- Opening Delimiter -

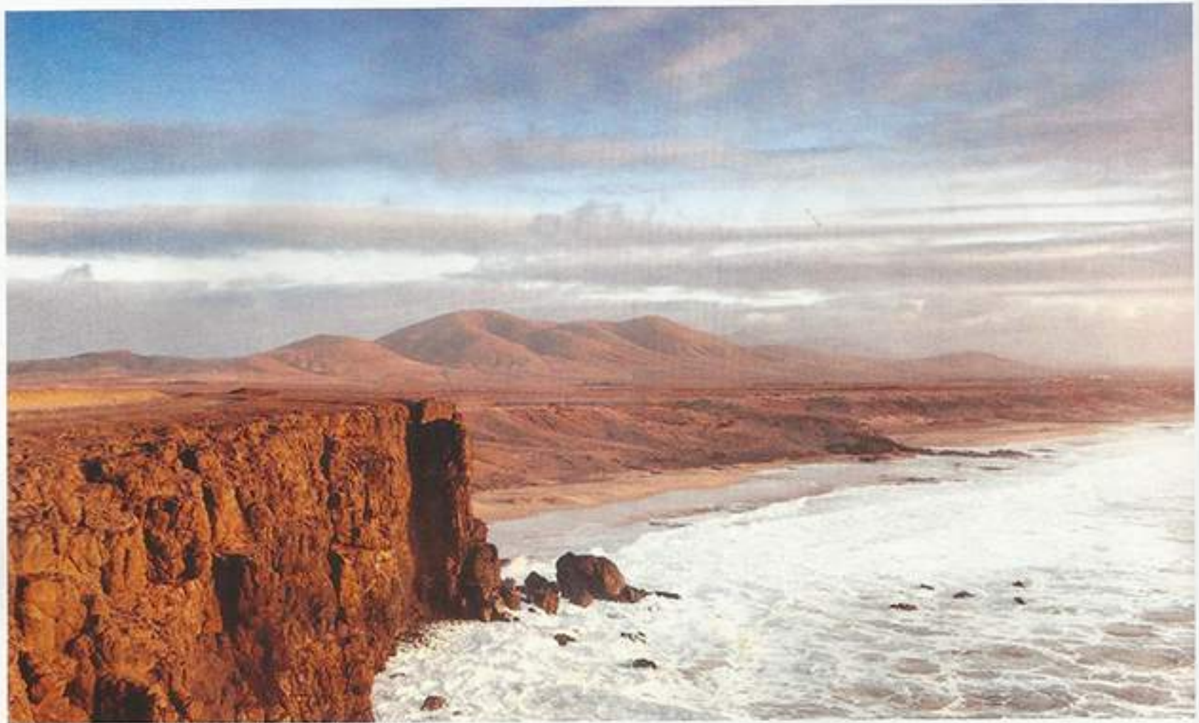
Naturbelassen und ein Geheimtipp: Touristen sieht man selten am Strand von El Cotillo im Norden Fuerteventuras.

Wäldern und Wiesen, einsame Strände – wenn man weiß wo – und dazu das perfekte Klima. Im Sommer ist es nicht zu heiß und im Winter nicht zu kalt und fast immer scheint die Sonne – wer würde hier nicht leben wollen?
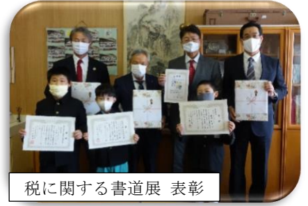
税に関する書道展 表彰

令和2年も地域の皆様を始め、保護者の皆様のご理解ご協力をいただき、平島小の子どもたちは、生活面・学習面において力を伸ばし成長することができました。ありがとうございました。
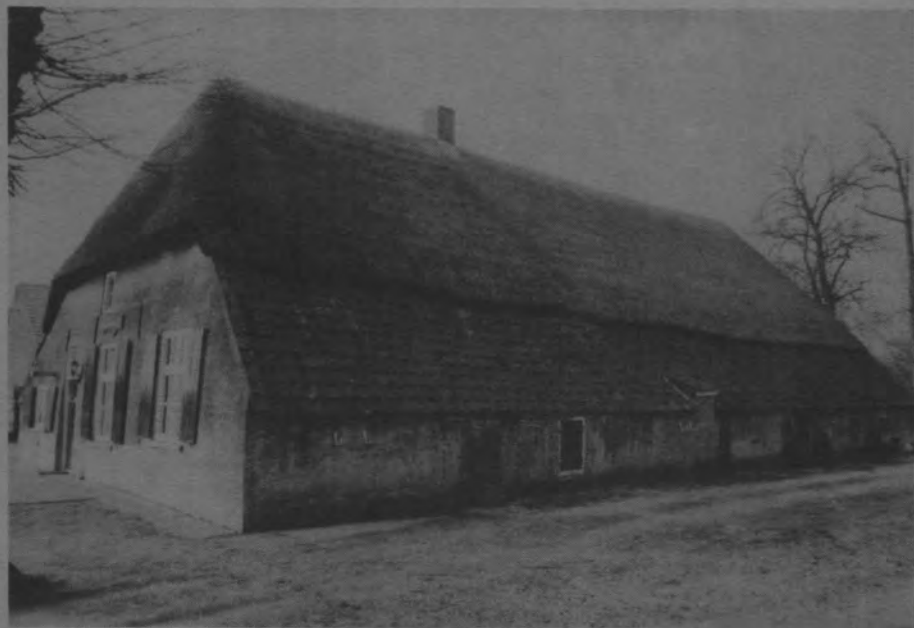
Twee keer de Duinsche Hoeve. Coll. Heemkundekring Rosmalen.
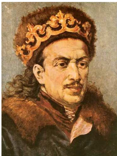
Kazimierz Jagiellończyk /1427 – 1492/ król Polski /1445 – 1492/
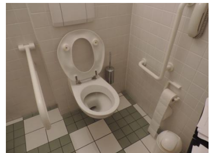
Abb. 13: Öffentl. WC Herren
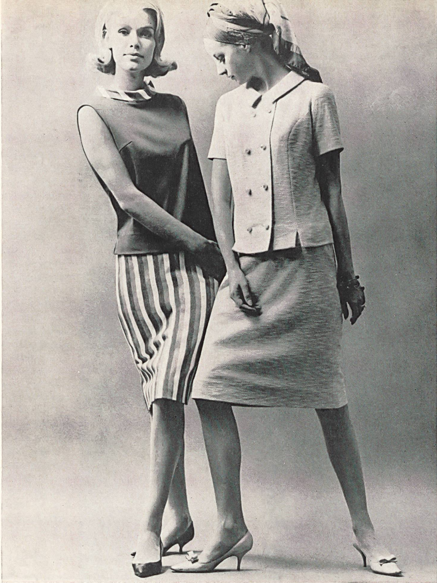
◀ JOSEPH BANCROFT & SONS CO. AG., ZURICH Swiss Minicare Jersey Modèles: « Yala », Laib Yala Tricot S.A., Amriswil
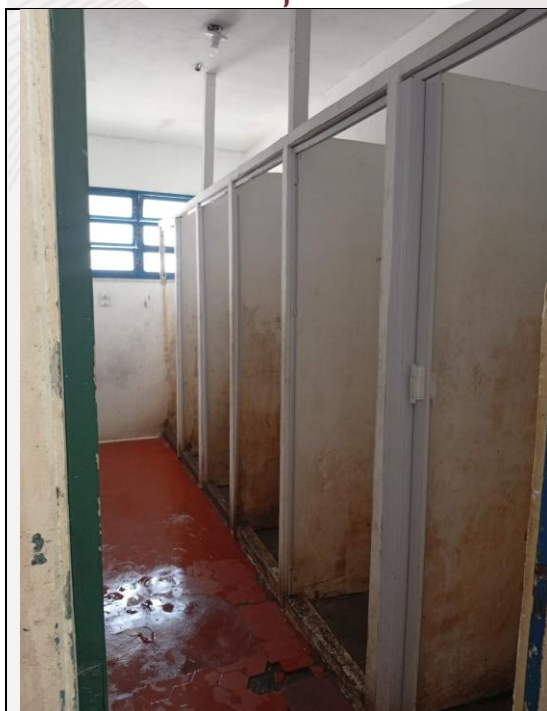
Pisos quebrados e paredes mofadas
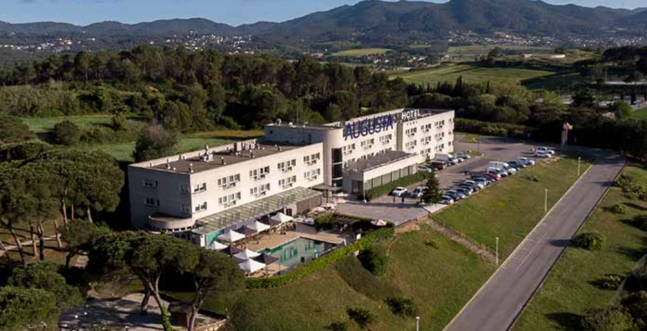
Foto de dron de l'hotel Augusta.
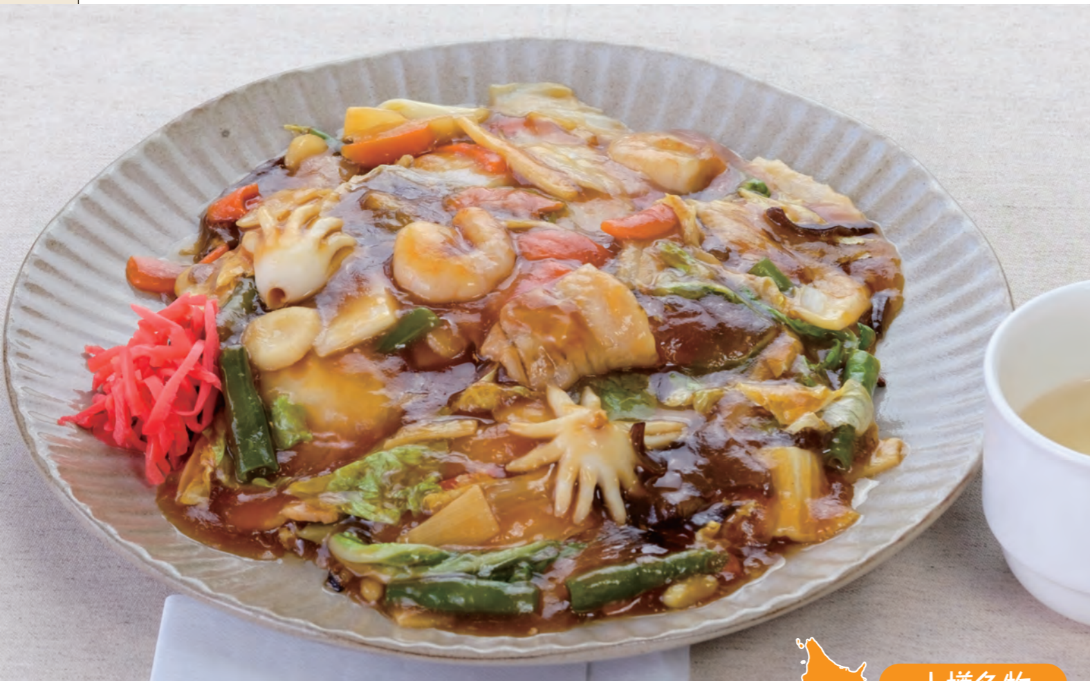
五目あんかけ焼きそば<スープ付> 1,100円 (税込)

- Closing Delimiter -

Reproduce the lines from the line with "Abb. 13: Öffentl. WC Herren" through the last line of the entries exactly, including both ends and excluding pictures.

* ANSWER TO THE PROBLEM
Abb. 13: Öffentl. WC Herren
◀ JOSEPH BANCROFT & SONS CO. AG., ZURICH Swiss Minicare Jersey Modèles: « Yala », Laib Yala Tricot S.A., Amriswil
Pisos quebrados e paredes mofadas
Foto de dron de l'hotel Augusta.
五目あんかけ焼きそば<スープ付> 1,100円 (税込)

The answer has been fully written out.